_Exercise data_
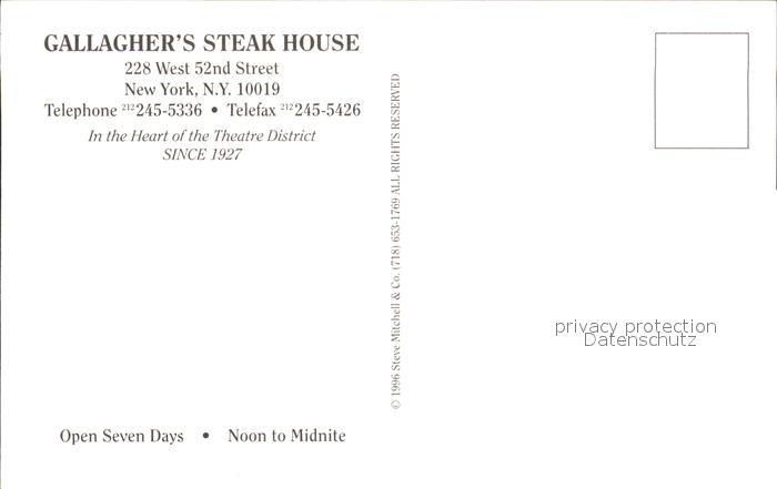 11686106 New York City Callghers Steak House West 52nd Street inside postalisch nicht gelaufen Erhaltung siehe scans KatCode: 14140340000000
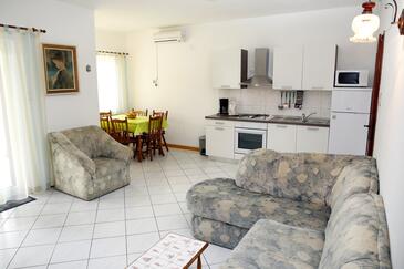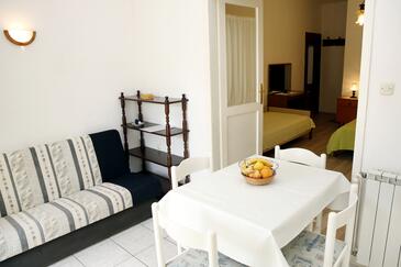 Ferienwohnung bietet Platz für 5 Gäste. Die Betten sind in Schlafzimmern, die es 2 gibt, innerhalb einer Gesamtfläche von 69m2, angeordnet. Die Gäste haben eine eigene Terrasse zur Verfügung, auf der sie in warmen Sommernächten genießen können. Es ist erlaubt, Speisen auf dem Gemeinschafts-Grill vorzubereiten. In der Unterkunftseinheit besteht die Möglichkeit des Mitbringens von Haustieren gegen Aufpreis.
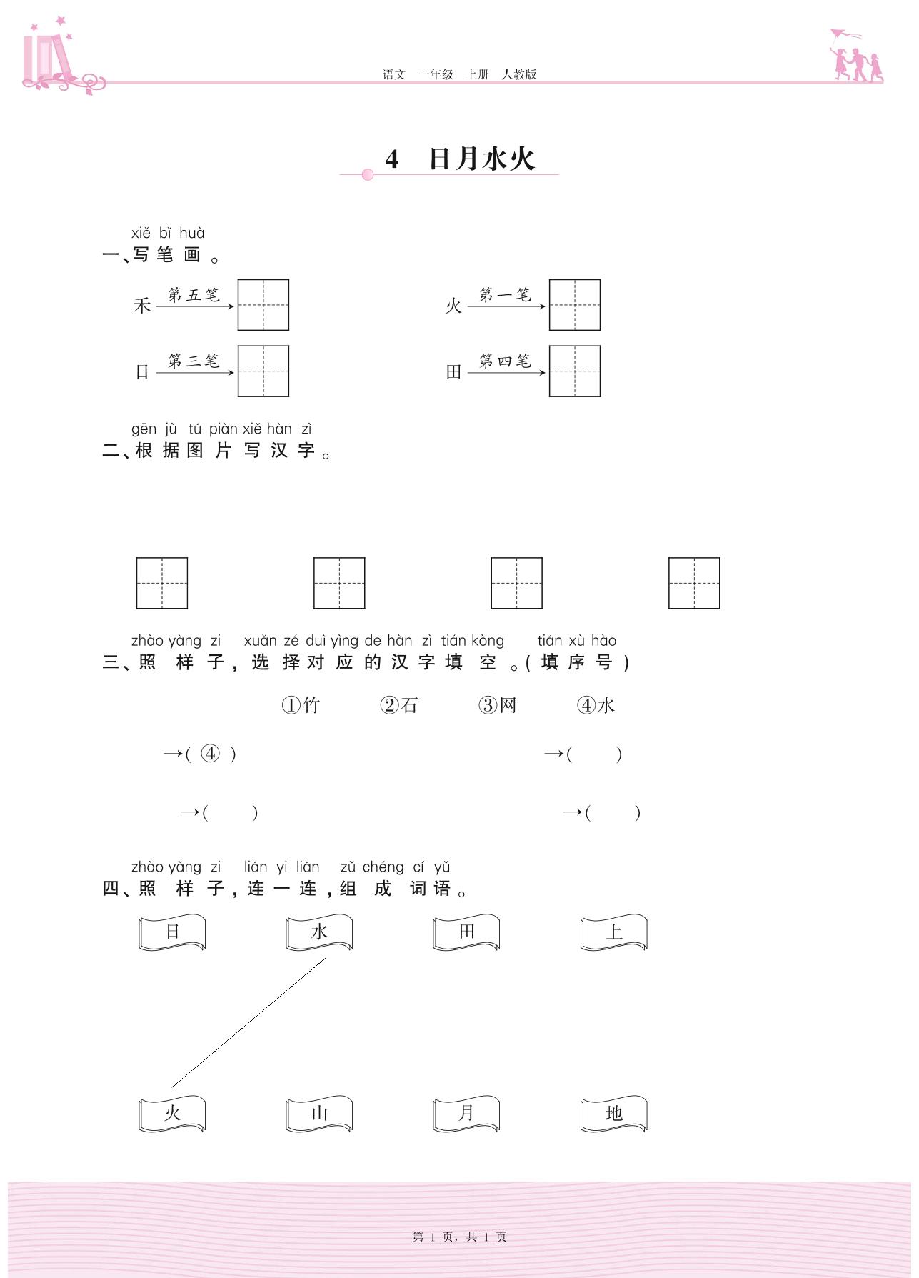 2020上册一年级语文人教版 第一单元 识字——4 日月水火

_Brief_
Copy out the material above exactly; the images stay out.

_Answer area_
 11686106 New York City Callghers Steak House West 52nd Street inside postalisch nicht gelaufen Erhaltung siehe scans KatCode: 14140340000000
 Ferienwohnung bietet Platz für 5 Gäste. Die Betten sind in Schlafzimmern, die es 2 gibt, innerhalb einer Gesamtfläche von 69m2, angeordnet. Die Gäste haben eine eigene Terrasse zur Verfügung, auf der sie in warmen Sommernächten genießen können. Es ist erlaubt, Speisen auf dem Gemeinschafts-Grill vorzubereiten. In der Unterkunftseinheit besteht die Möglichkeit des Mitbringens von Haustieren gegen Aufpreis.
 2020上册一年级语文人教版 第一单元 识字——4 日月水火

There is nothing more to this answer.